__Assignment__
Print out the data that follows exactly, character for character, apart from the pictures.

__Data shown__
###

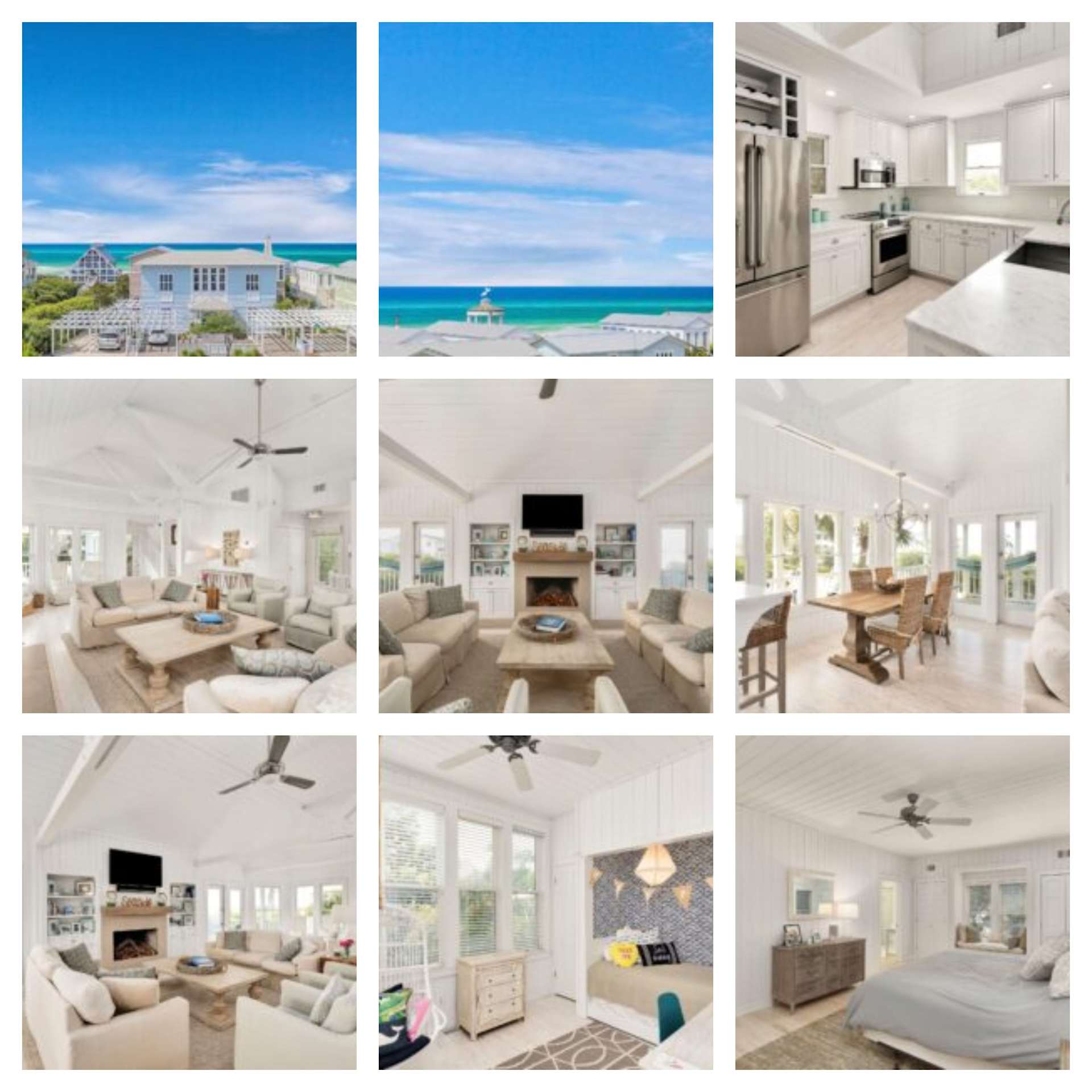 Coastal Charm awaits at this 4 bedroom, 4 bath, 2,774 square foot Seaside beach cottage located directly on 30A and the corner of West Ruskin Street. Just one block from the Seaside town center and across the street from one of Seaside’s nine private beach accesses. This home offers wood flooring and ceiling with white shiplap walls throughout and an abundance of porch space on each level allowing you to take advantage of Florida beach living. This beach abode has a reverse floor plan with the main living area on the second floor allowing you to enjoy views of the Gulf of Mexico better. The first floor offers the master bedroom and master bath along with 2 additional bedrooms, each with their own ensuite. The second floor boasts a soaring vaulted white shiplap ceiling accented with beautiful white wood beams and a large wrap-around porch.
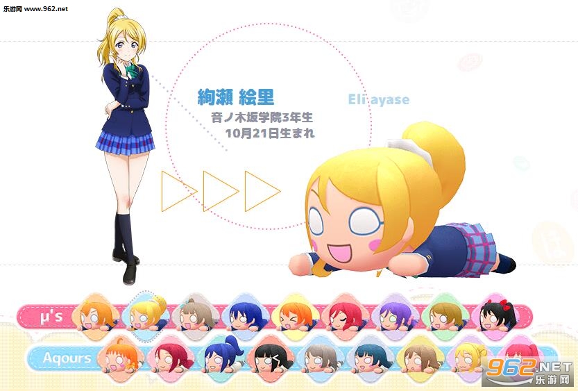 Aqours全员化身可爱的小趴趴玩偶,展开爽快的消除游戏!《LoveLive!》系列人气曲目大量收录!
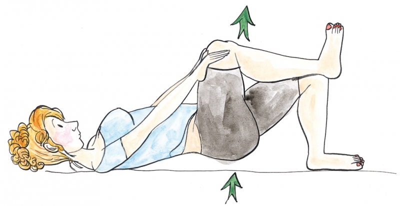 Restez allongée mais sur le dos. Décollez le pied droit et placez les deux mains sur le genou droit. Fléchissez la jambe gauche. Inspirez et, tout en soufflant, levez les fesses le plus haut possible. Simultanément, ralentissez le mouvement en résistant avec la force des mains sur le genou droit. Revenez à la position de départ sans reposer les fesses au sol. Recommencez jusqu’à atteindre votre limite et changez de côté.

###

__Solution for this exercise__
 Coastal Charm awaits at this 4 bedroom, 4 bath, 2,774 square foot Seaside beach cottage located directly on 30A and the corner of West Ruskin Street. Just one block from the Seaside town center and across the street from one of Seaside’s nine private beach accesses. This home offers wood flooring and ceiling with white shiplap walls throughout and an abundance of porch space on each level allowing you to take advantage of Florida beach living. This beach abode has a reverse floor plan with the main living area on the second floor allowing you to enjoy views of the Gulf of Mexico better. The first floor offers the master bedroom and master bath along with 2 additional bedrooms, each with their own ensuite. The second floor boasts a soaring vaulted white shiplap ceiling accented with beautiful white wood beams and a large wrap-around porch.
 Aqours全员化身可爱的小趴趴玩偶,展开爽快的消除游戏!《LoveLive!》系列人气曲目大量收录!
 Restez allongée mais sur le dos. Décollez le pied droit et placez les deux mains sur le genou droit. Fléchissez la jambe gauche. Inspirez et, tout en soufflant, levez les fesses le plus haut possible. Simultanément, ralentissez le mouvement en résistant avec la force des mains sur le genou droit. Revenez à la position de départ sans reposer les fesses au sol. Recommencez jusqu’à atteindre votre limite et changez de côté.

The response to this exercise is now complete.